While I mentioned the huge growth of Chinese fintechs in a previous blog, I didn’t want to take away from the enormous growth that the US has seen in the fintech sector. In recent years, dynamic growth has not only presented consumers with new products, but it has also driven change across the entire US financial industry.
A recent study by EY Financial has shed some light on the biggest factors for fintech growth and their effects on the future of commerce in the US. Here is one of many takeaways:
Partnerships with Financial Institutions
Despite the growing legitimacy of fintechs in the eyes of consumers, banks aren’t sitting back and watching. In fact, many are now offering their own fintech products or partnering with fintechs to bring new options to their existing customers. The common bond between banks and fintechs is that they aim to be the solution to a range of challenges for consumers. What was a differentiator for banks a few short years ago, offering innovative, fintech-inspired products is rapidly becoming a necessity. Think about the recent changes to online and mobile banking, the ability to take a picture of a check to make deposits is all but universal now.

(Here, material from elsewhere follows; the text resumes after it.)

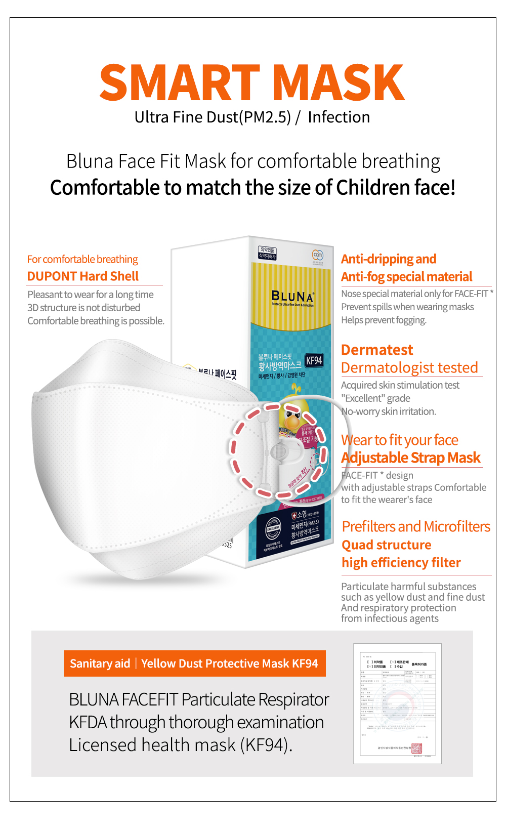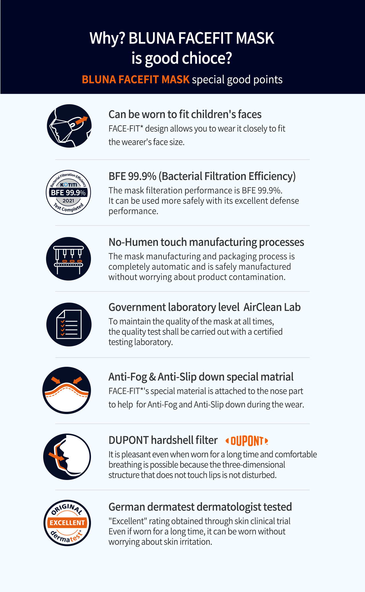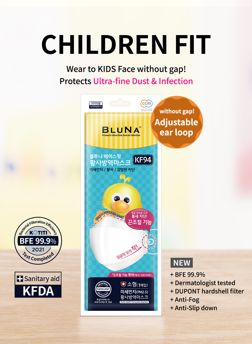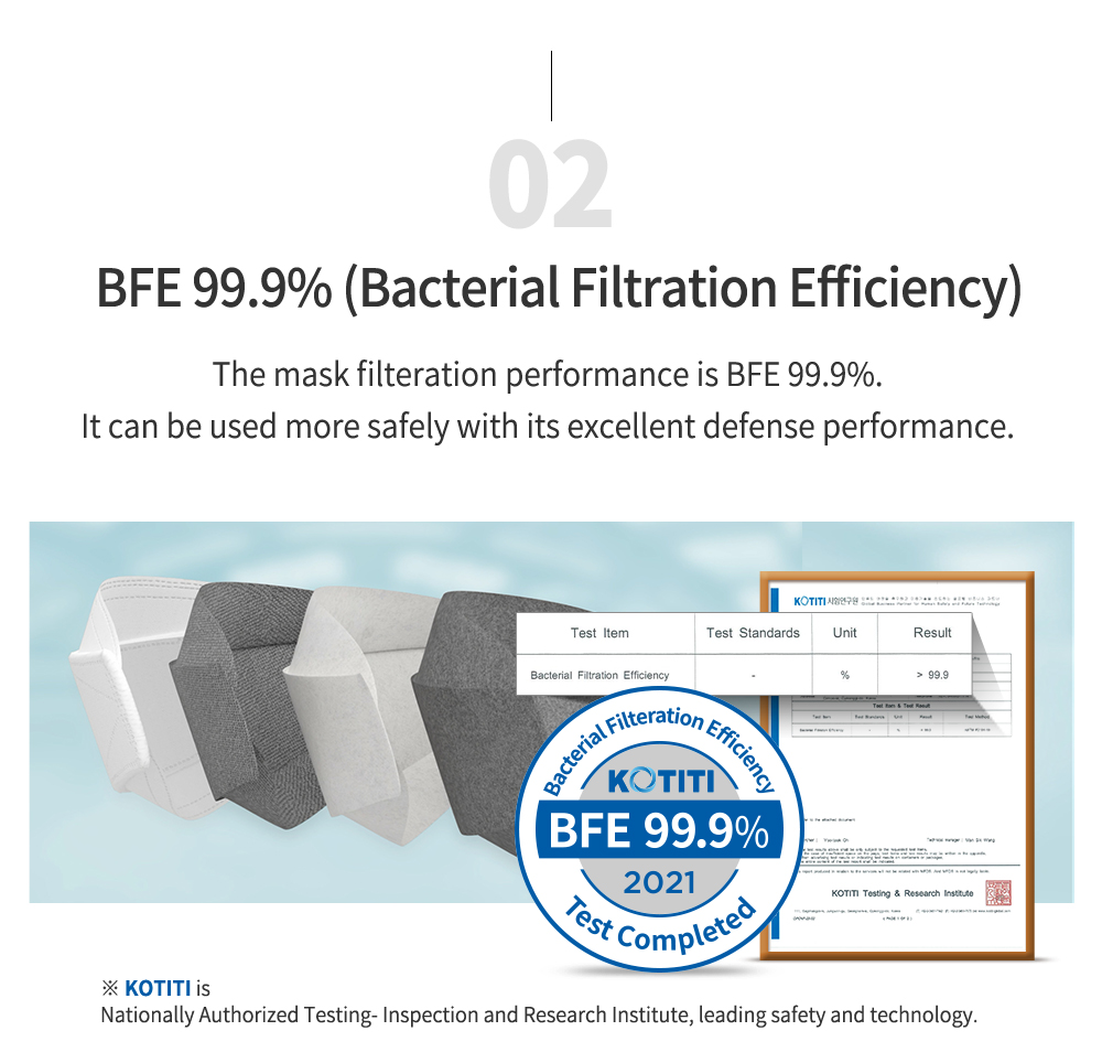 - BFE (Bacterial Filtration Efficiency)99.9% tested by KOTITI, Korea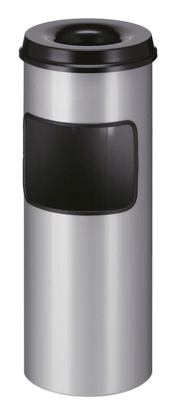 Ronde metalen as-papierbak met zwarte vlamdovende top. Voorzien van zwarte inzetbak. Inclusief doofzand.

While banks may have been slow to change, they have emulated the insurance industry’s adoption of fintechs. Insurance companies were some of the first to add fintech offerings to their product lines. Companies like Esurance came as disruptors but were quickly acquired when the demand became obvious. Now almost every major auto insurer has a mobile app with a range of services from accident reporting to roadside assistance. Banks have begun to build partnerships in the same way.
Fintechs need to partner as well, as they need access to charters to make financial transfers work. These mutually beneficial partnerships have also allowed consumers to enjoy convenience when their data can be shared between services. While it may sound like a security risk, many consumers have stated that they are comfortable with their personal info being shared between banks and fintechs if it means they see better rates or available products. As with many changes, these partnerships are all fueled by the demand for convenience by consumers.